# PROBLEM DETAILS:
Only the lines from the one containing "Шахматы с инкрустацией" through the end of the data are wanted, reproduced exactly and without pictures.

# SUPPLIED MATERIAL:
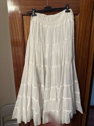 Falda larga blanca con varios volantes, ideal para un look fresco y veraniego. - Diseño de capas con volantes. - Cintura elástica para mayor comodidad. Pick up Sol or La Latina Metro
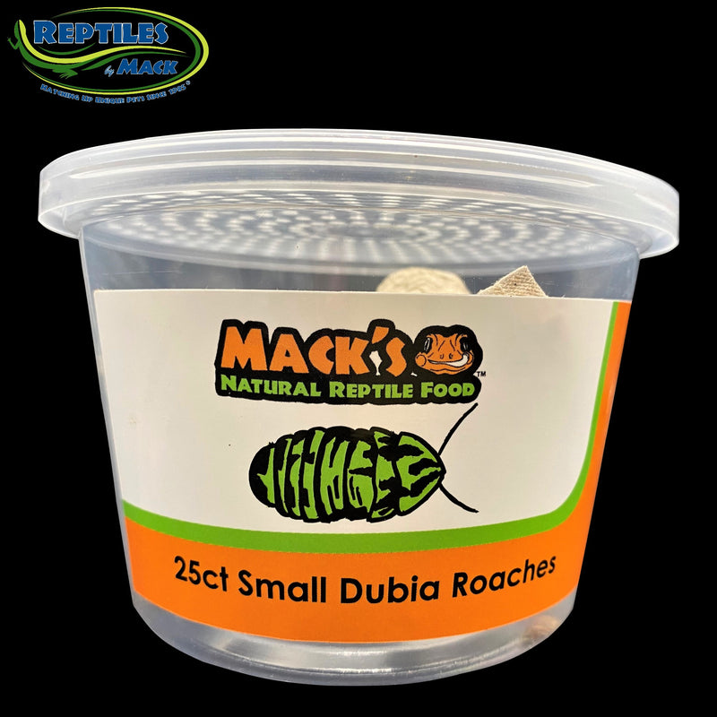 Shop / Best Sellers in stock / Mack's Natural Reptile Food Live Dubia Roaches Mack's Natural Reptile Food Live Dubia Roaches Mack's Natural Reptile Food $14.99 25 Large Dubia Roaches 25 Medium Dubia Roaches 25 Small Dubia Roaches 25 Large Dubia Roaches 25 Medium Dubia Roaches 25 Small Dubia Roaches Purchase Options Free In-Store Pick Up Not Available Save 10% on orders $49+ Set your store for inventory and store pickup details Zip Code Search Same-day Delivery* No minimum charge for delivery orders. *Order before 2pm and have it delivered today. Orders placed after 2pm will be delivered the next day. Must be inside delivery radius. Zip Code Unfortunately delivery is not available to this address. In order to ensure the best availability accuracy, changing your selected store will remove all items from your cart. You will need to re-add these items with your newly selected store if you choose to continue. Continue Cancel Ship it to Me Quantity Add To Cart Feeding guide disclaimer ✕ Feeding guides provide a starting point for the amount of food to give your pet each day. We recommend that you keep your pet in ideal body condition and not allow them to become overweight. The amount of food your pet needs can vary based on age, activity level or other food and treats given, so be sure to work with your veterinarian to determine an appropriate weight for your pet, and to make any necessary adjustments to their feeding. Information Crude Protein 21%, Crude Fat 9%, Crude Fiber 5%, Crude Ash 1%, Calcium 0.044%, Moisture 65% Customers also liked Customer Reviews
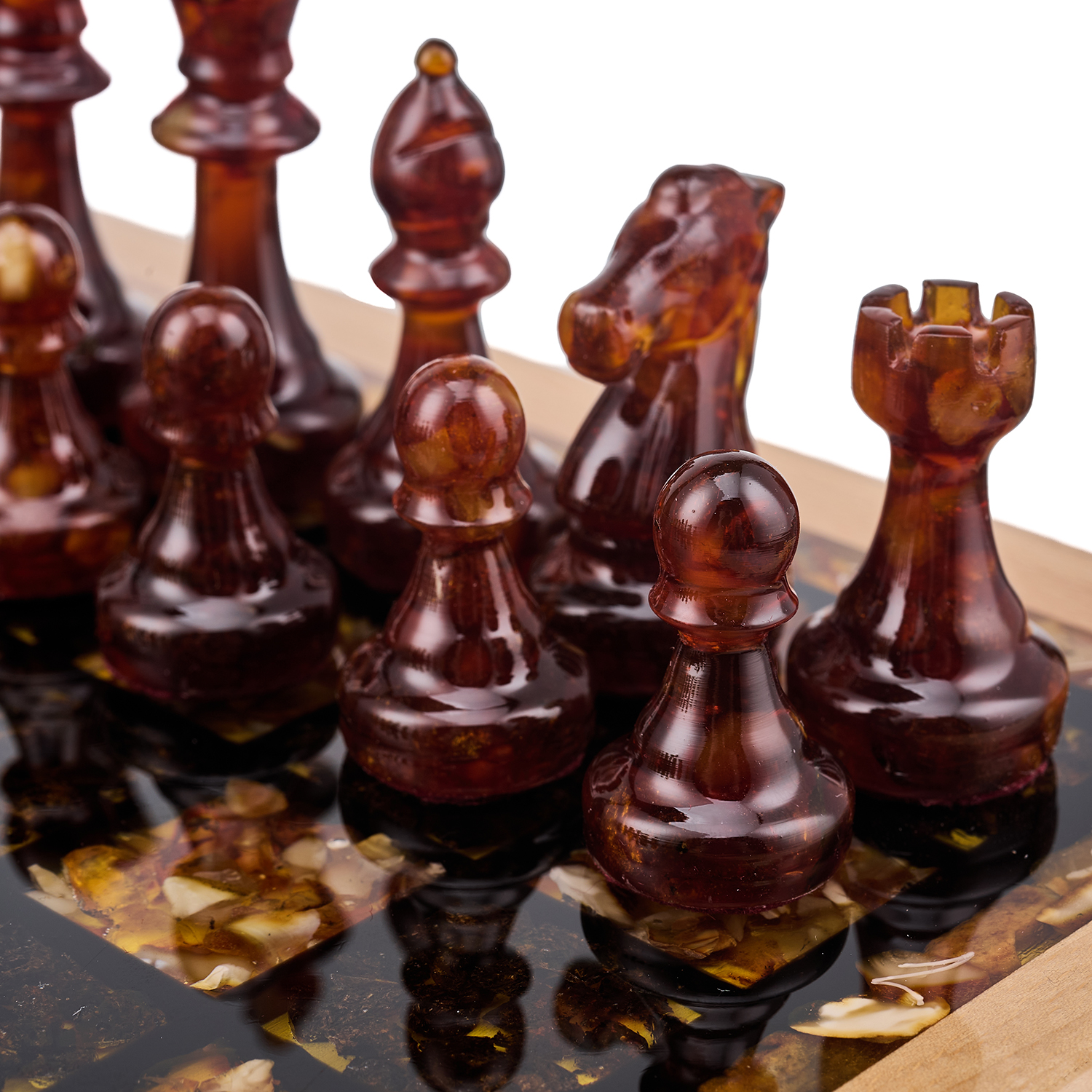 Шахматы с инкрустацией и фигурами из янтаря.Материалы: дуб, ясень, янтарь, полиэфирная смола.
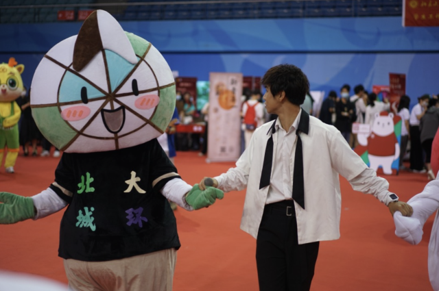 作为迎新的重量级嘉宾,北大城环学院的吉祥物——城小环已早早就位,满怀期待地迎接大家的到来!可爱精巧的指南针造型,蕴含着为新生们指引方向,寻求真理的美好祝福。蓝绿交错的清新配色,也代表了城环学子拥抱美好环境、守护碧水蓝天的愿景。在迎新现场,城小环不出意料地成为团宠和全场“社牛”,不仅积极和新生们合影留念,见证大家在迎新现场的第一抹笑容,还在表演环节主动走上会场中央与嘉宾互动,将城环人的无限热情与满满活力送给所有新生朋友们!

# EXERCISE RESPONSE:
 Шахматы с инкрустацией и фигурами из янтаря.Материалы: дуб, ясень, янтарь, полиэфирная смола.
 作为迎新的重量级嘉宾,北大城环学院的吉祥物——城小环已早早就位,满怀期待地迎接大家的到来!可爱精巧的指南针造型,蕴含着为新生们指引方向,寻求真理的美好祝福。蓝绿交错的清新配色,也代表了城环学子拥抱美好环境、守护碧水蓝天的愿景。在迎新现场,城小环不出意料地成为团宠和全场“社牛”,不仅积极和新生们合影留念,见证大家在迎新现场的第一抹笑容,还在表演环节主动走上会场中央与嘉宾互动,将城环人的无限热情与满满活力送给所有新生朋友们!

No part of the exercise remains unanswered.